In Europe, also the Obama administration has been slow to respond to Putin and the apparent growth of Russian hegemony. Indeed, during a debate with Romney in 2012, Obama was dismissive of the potential risk of a renewed Russian autocracy:
“The 1980s are now calling to ask for their foreign policy back.”

Critics have unkindly but not unreasonably responded that it now seems as if the 1970s are calling, as Russia invades neighbours, making US European allies feel vulnerable and unsure of real support from the US and NATO. Obama has responded to Russian aggression by imposing further sanctions and spoken out once against it in Estonia but appears to have no other plans.
Finally there are many observers world-wide who were dismayed that despite hope and promise, Obama kept Guantanamo operating, allowed the NSA to continue spying, and continued the use of drones.
Obama campaigned on the promise that America would be more respected in the world after the Bush years but in the event has achieved little to earn that respect. Rather the Obama administration has seen America treated less with respect than derision and contempt by its adversaries. The US is now viewed by its supporters as an unreliable ally and an ineffectual opponent by its foes. Rather than respect, opponents such as ISIS are treating it with contempt as they goad it into a confrontation which they are sure they can win.

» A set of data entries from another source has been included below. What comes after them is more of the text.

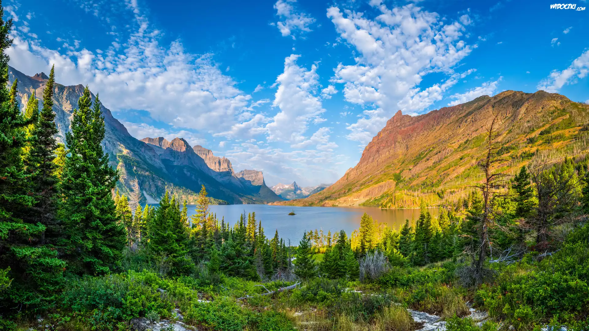 Zdjęcia, Park Narodowy Glacier, Jezioro, Saint Mary Lake, Góry, Drzewa, Obłoki, Montana, Stany Zjednoczone
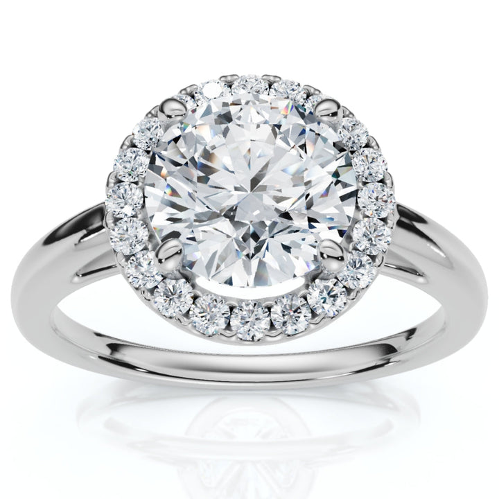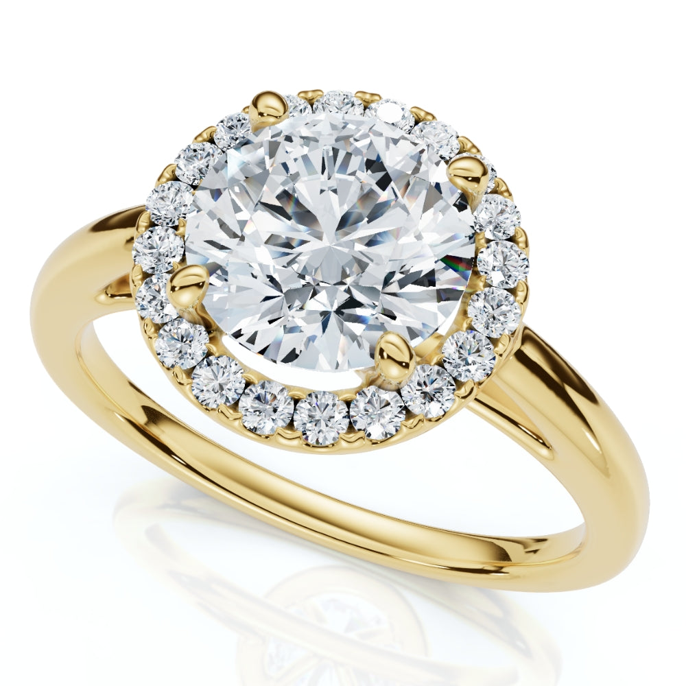 This Certified 1 3/4ct Halo Round Cut Diamond Engagement Ring in 14k Gold by Pompeii3 is a classic symbol of love and commitment. The stunning 1.5 ct. round brilliant-cut diamond is surrounded by a halo of accent diamonds, enhancing its brilliance. Set in a polished 14k gold band, this ring is perfect for those who desire an engagement ring that is both timeless and dazzling. The certified diamond ensures the highest quality, making this a lasting symbol of your love.
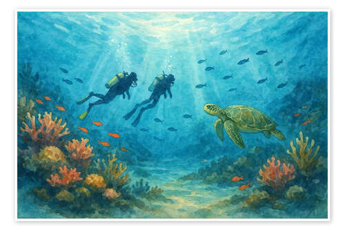 Posterlounge   Wandbilder   Natur   Unterwasser   Natalie Bruns   Poster Taucher mit Meeresschildkröte und Korallenriff
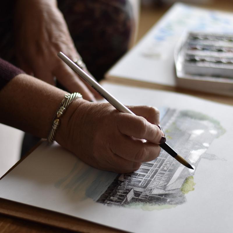 For the past 25 years, DeVeas has enjoyed creating a multitude of drawings of prominent landmarks, historical churches and wedding venues in the Annapolis area. Notable buildings include the United States Naval Academy, Historic Inns of Annapolis, Chesapeake Bay Beach Club and the William Paca House.
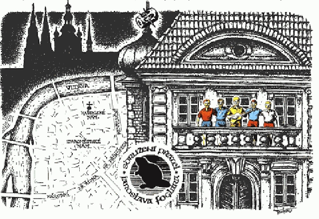 Postavy Rychlých šípů v životní velikosti se budou celý měsíc do 17. prosince, kdy v roce 1938 vyšel jejich první kreslený příběh v časopisu Vpřed, dívat na Pražany z balkonu kteréhosi domu na Starém Městě (mezi Vltavou a ulicemi Národní, 28. října, Na Příkopech, Revoluční).
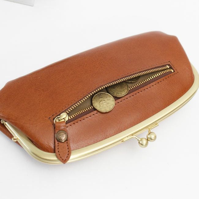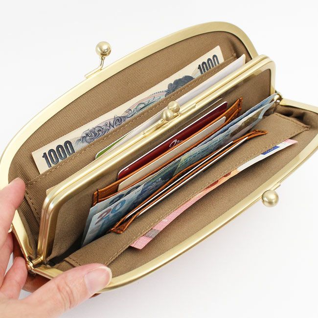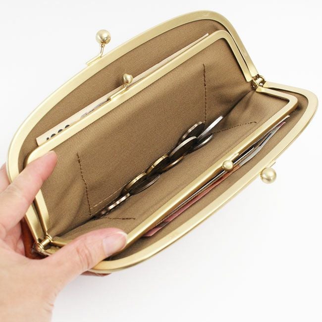 がま口の口金は大きく開き、お財布の中身が一目で分かるのも魅力的。
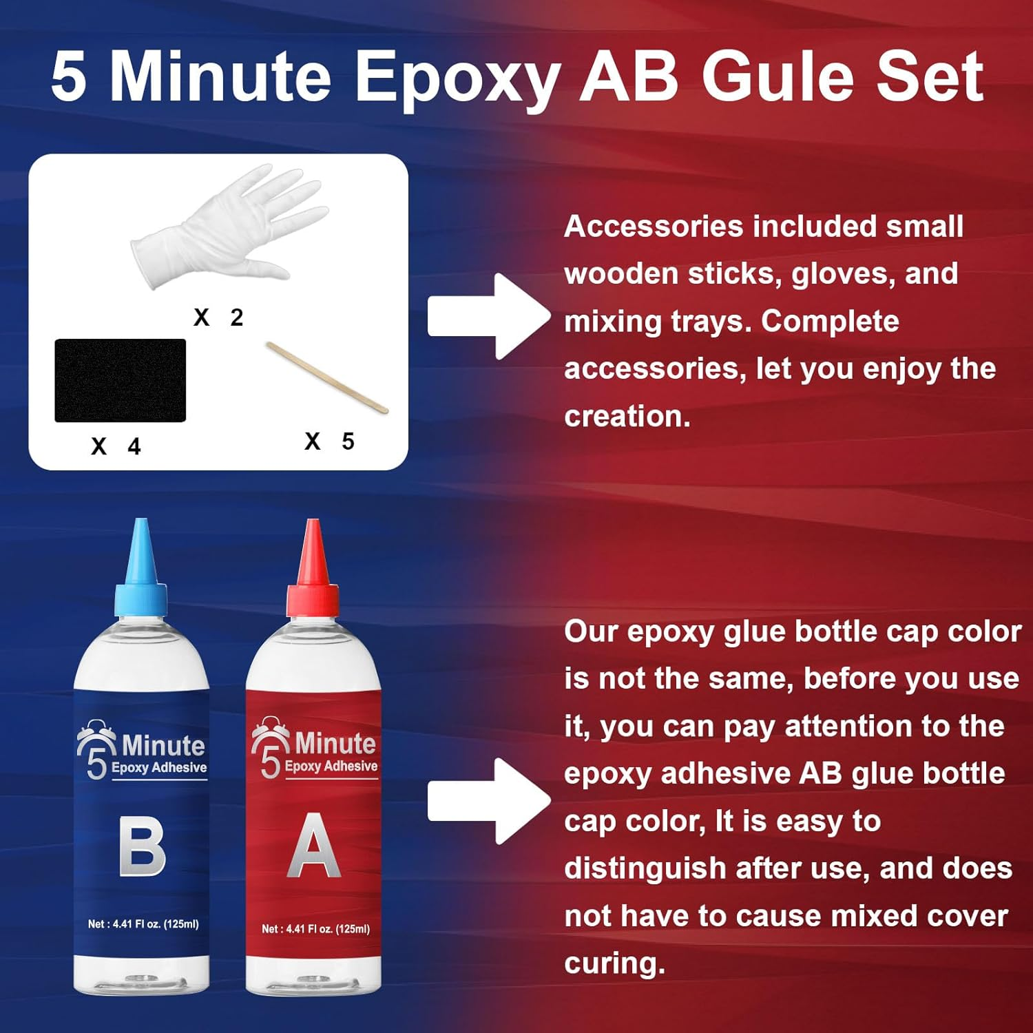 5 Minute Epoxy Glue 8.8Oz Tough Durable Clear Epoxi Adhesives Fast Repair 2 Part 5 Min Epoxy: 2 Part epoxy glue enjoy the flexibility of approximately 5 minutes of working time, Provide you with enough time to adjust your work creation. Functional curing in one hour, full curing in 24 hours High Temperature Resistance: Our 5 minute epoxy clear has a high temperature resistant effect and is able to withstand temperatures up to about 300 degrees Fahrenheit (about 149 degrees celsius). Note: The higher the temperature and humidity, the lower the working time will be. The lower the temperature and humidity, the lower the working time will be Versatility: This fast curing epoxy adhesive resin is compatible with Metal, glass, wood, concrete, tiles, ceramics, porcelain, 3D printed parts, fiberglass, fabrics and most plastics make it a versatile clear epoxy glue of choice Set Includes: Set contains epoxy resin glue*2, small wooden stick*5, gloves*2 and mixing trays*4. Use the epoxy glue all purpose to mix and stir 1:1 on the mixing trays and say goodbye to complicated operations Two-Color Bottle Cap: Our epoxy glue clear does not need to be cut, just unscrew the cap and use it. The caps of our two part epoxy glue bottles are different in color. Before use, you can pay attention to the color of the epoxy glue bottle caps to avoid cross-mixing and curing Product Description Item model number USGK-1033 Compatible Material function(f) {var _np=(window.P._namespace("DetailPageProductOverviewTemplatesJava"));if(_np.guardFatal){_np.guardFatal(f)(_np);}else{f(_np);}}(function(P) { P.when('A').execute(function(A){ A.on('a:truncate:po-attribute-truncate-3:updated', function(data) { var isTruncated = !data.truncateInstance.getIfTextFits(); var seeMoreElement = document.getElementById('po-attribute-see-more-id-3'); if(seeMoreElement) { seeMoreElement.style.display = isTruncated ? '' : 'none'; } }) }); })); Metal, Glass, Wood, Concrete, Tiles, Ceramics, Porcelain, 3d Printed Parts, Fiberglass, Fabrics, Most Plastics See more Material Epoxy Resin Country of Origin China Specific Uses For Product Home Repair, DIY Projects, Arts and Crafts Production Item Form Liquid Package Dimensions 6.57 x 3.19 x 1.69 inches; 7.05 ounces Complimentary Shipping and Easy Returns Need to return something? Enjoy our 30-day hassle-free return policy! Take advantage of free shipping across all 48 contiguous states! Your order will be dispatched within 1-2 business days once payment is confirmed. Your Opinion Matters! Your happiness is our main goal! We welcome your feedback! If you encounter any problems, reach out to us right away, and we’ll be here to help. Explore the Extraordinary! Our collection showcases fascinating products that are sure to capture your attention. What surprises await you? Delve in and discover unique items that enrich your daily life. Don't miss the amazing things we have in store for you!
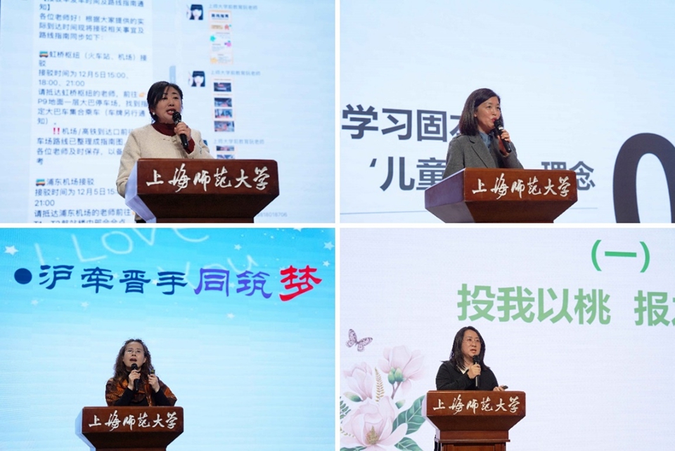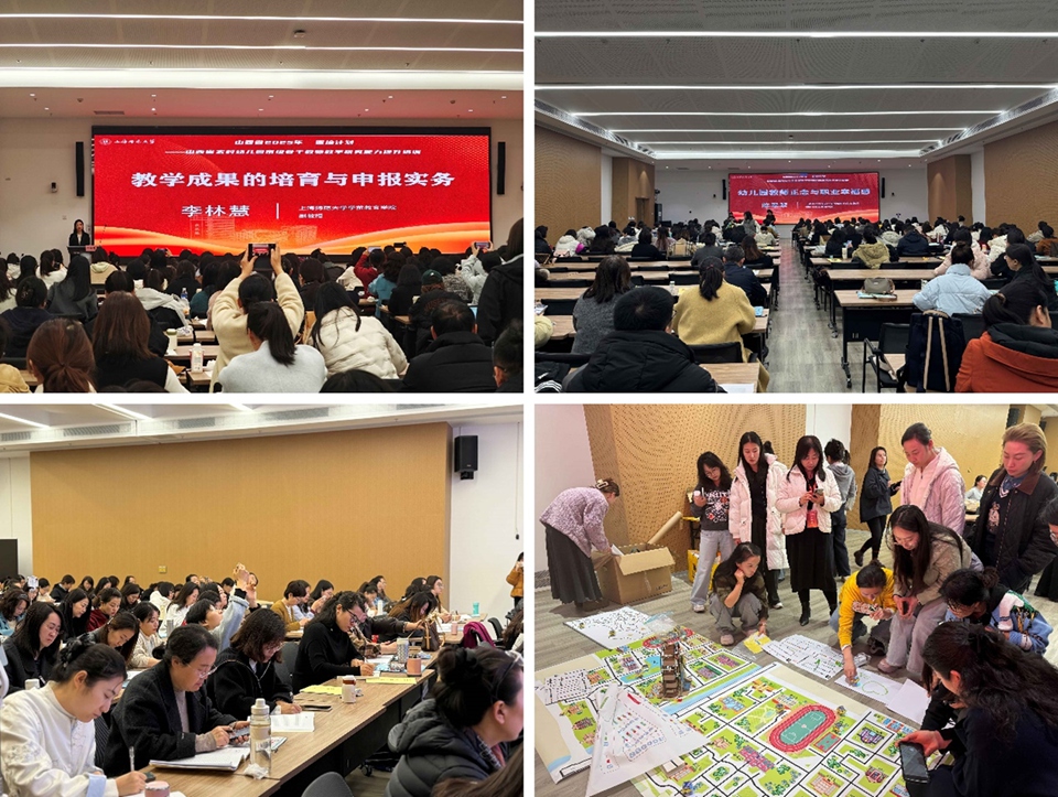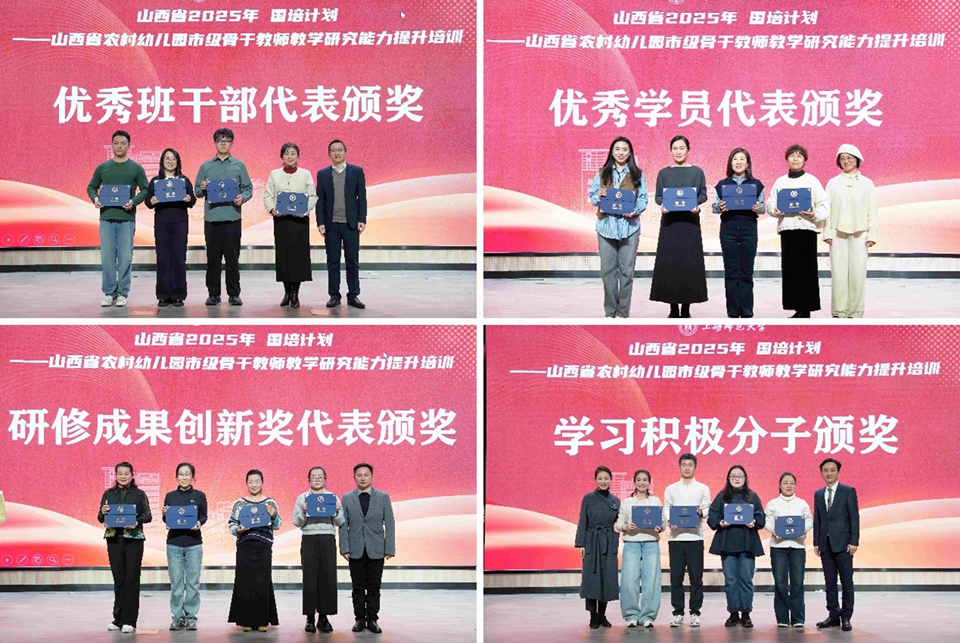 12月22日晚,2025年山西省“国培计划”农村幼儿园市级骨干教师教学研究能力提升培训项目结业仪式在教苑楼C座多功能厅举行。来自山西省各地的200名幼儿园骨干教师齐聚上海师大,共同见证为期20日的研修学习圆满收官。上海师范大学继续教育学院院长徐丰,学前教育学院党委书记杨成龙,项目首席专家、学前教育学院副院长李燕教授,学前教育学院党委副书记、副院长周泽龙,继续教育学院办公室主任徐立群,学前教育学院黄立安副教授、李雪梅副教授以及近20所参访名园园长出席仪式。
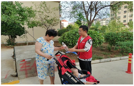 實踐活動最后,為助力文明城市建設(shè),服務(wù)隊員們走進社區(qū)開展了走訪慰問、垃圾清理、向路過老人發(fā)放飲用水等。隊員們一邊和老人們交流談心,一邊清掃地面。干凈的街角,老人誠摯的謝意,讓隊員們感受到了勞動的快樂。
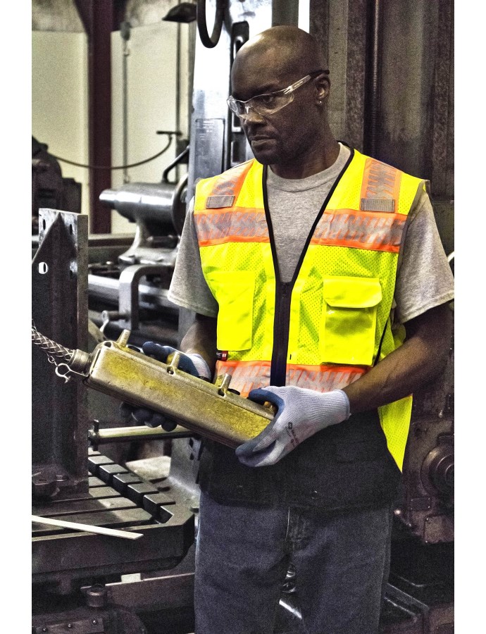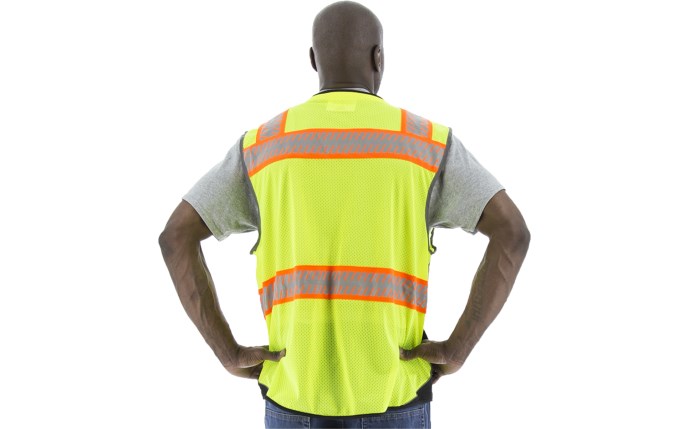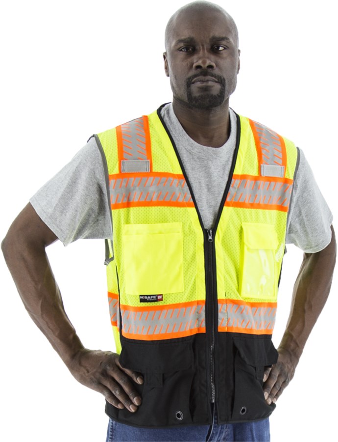 • Durable mesh safety vest featuring black sections in high-wear zones to conceal stains and enhance appearance
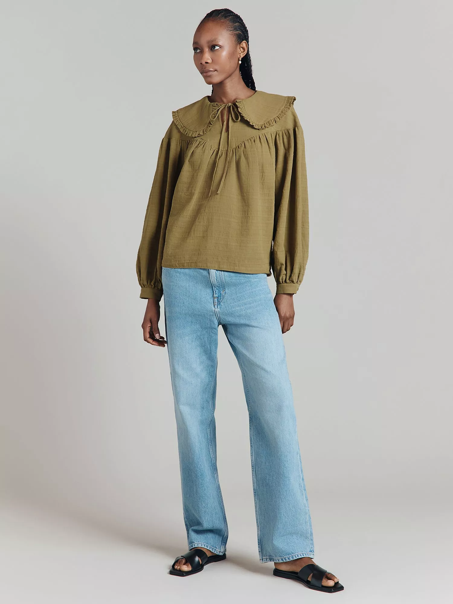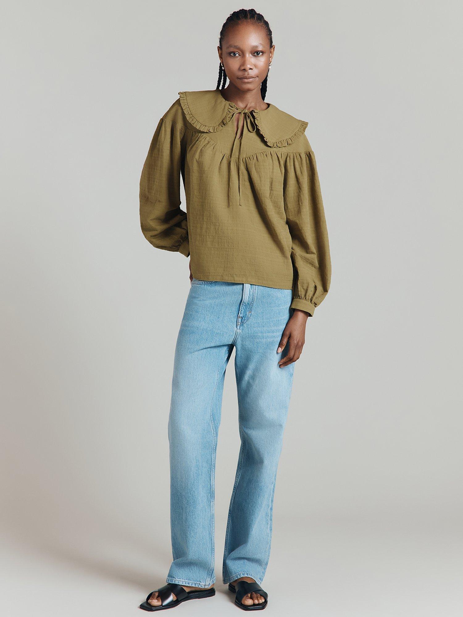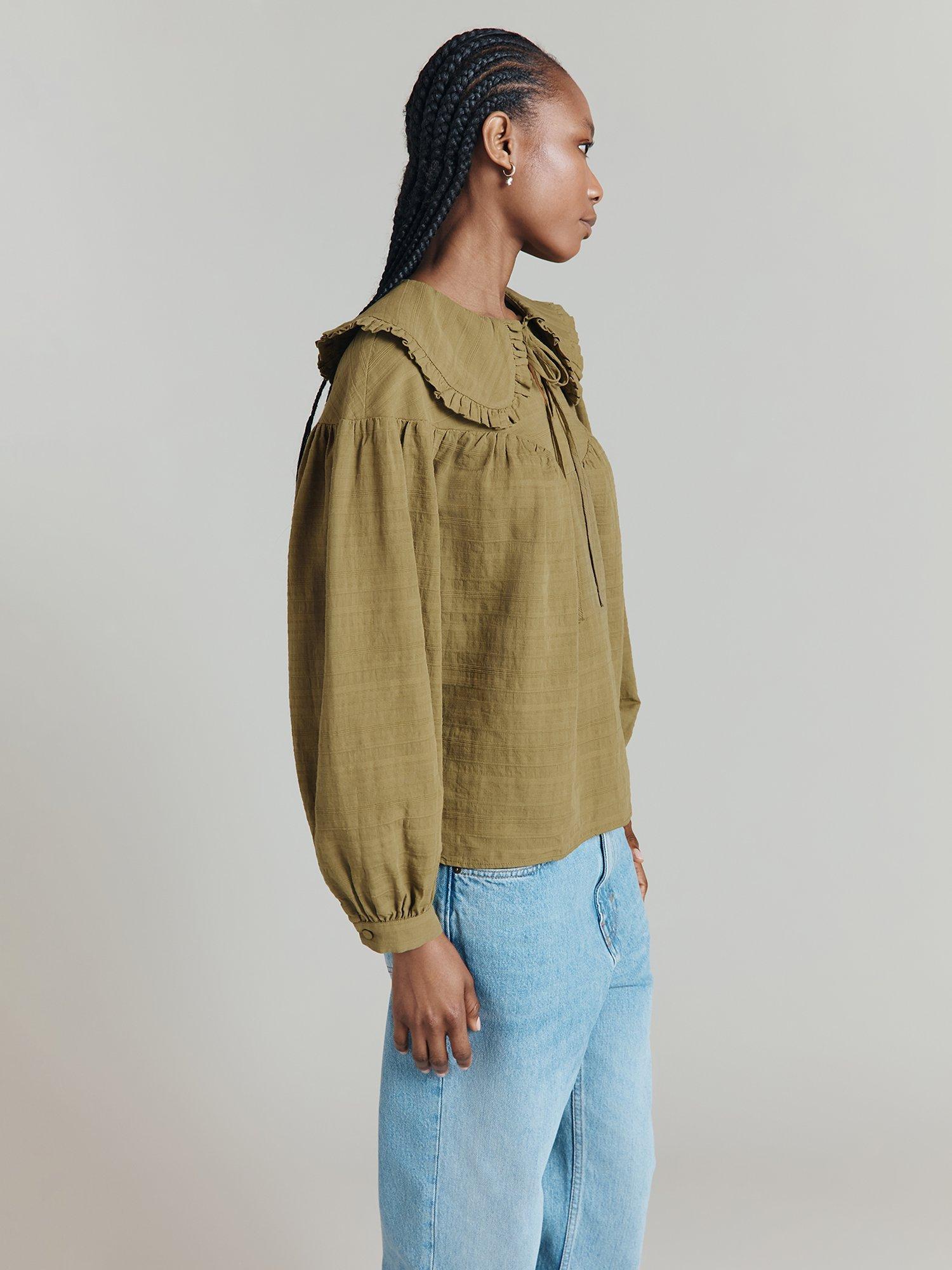 The Daisy shirt is all about the statement Peter Pan collar edged in a graceful ruffle. A loose-fit cotton textured jacquard blouse, it has long sleeves with cuff and button details and drop shoulders that lead into a deep yoke at the chest. Finished with a delicate keyhole and tie at the neck.

In the beginning, Obama appeared everything we could hope for. And more. We constructed an image of an ideal type which rested on our hopes for change and his brilliant presentation not the least of which was the sonorous charm of his well-crafted rhetoric. In the end it looks as if we wanted to believe in a president who was different, enlightened, empowered to carry out our hopes for change without checking first more carefully the substance beneath the spin. History will not be kind to this President for seeming asleep at the wheel, his good intentions, his promises and his starry-eyed supporters all left in the dust by the wayside as events took their course.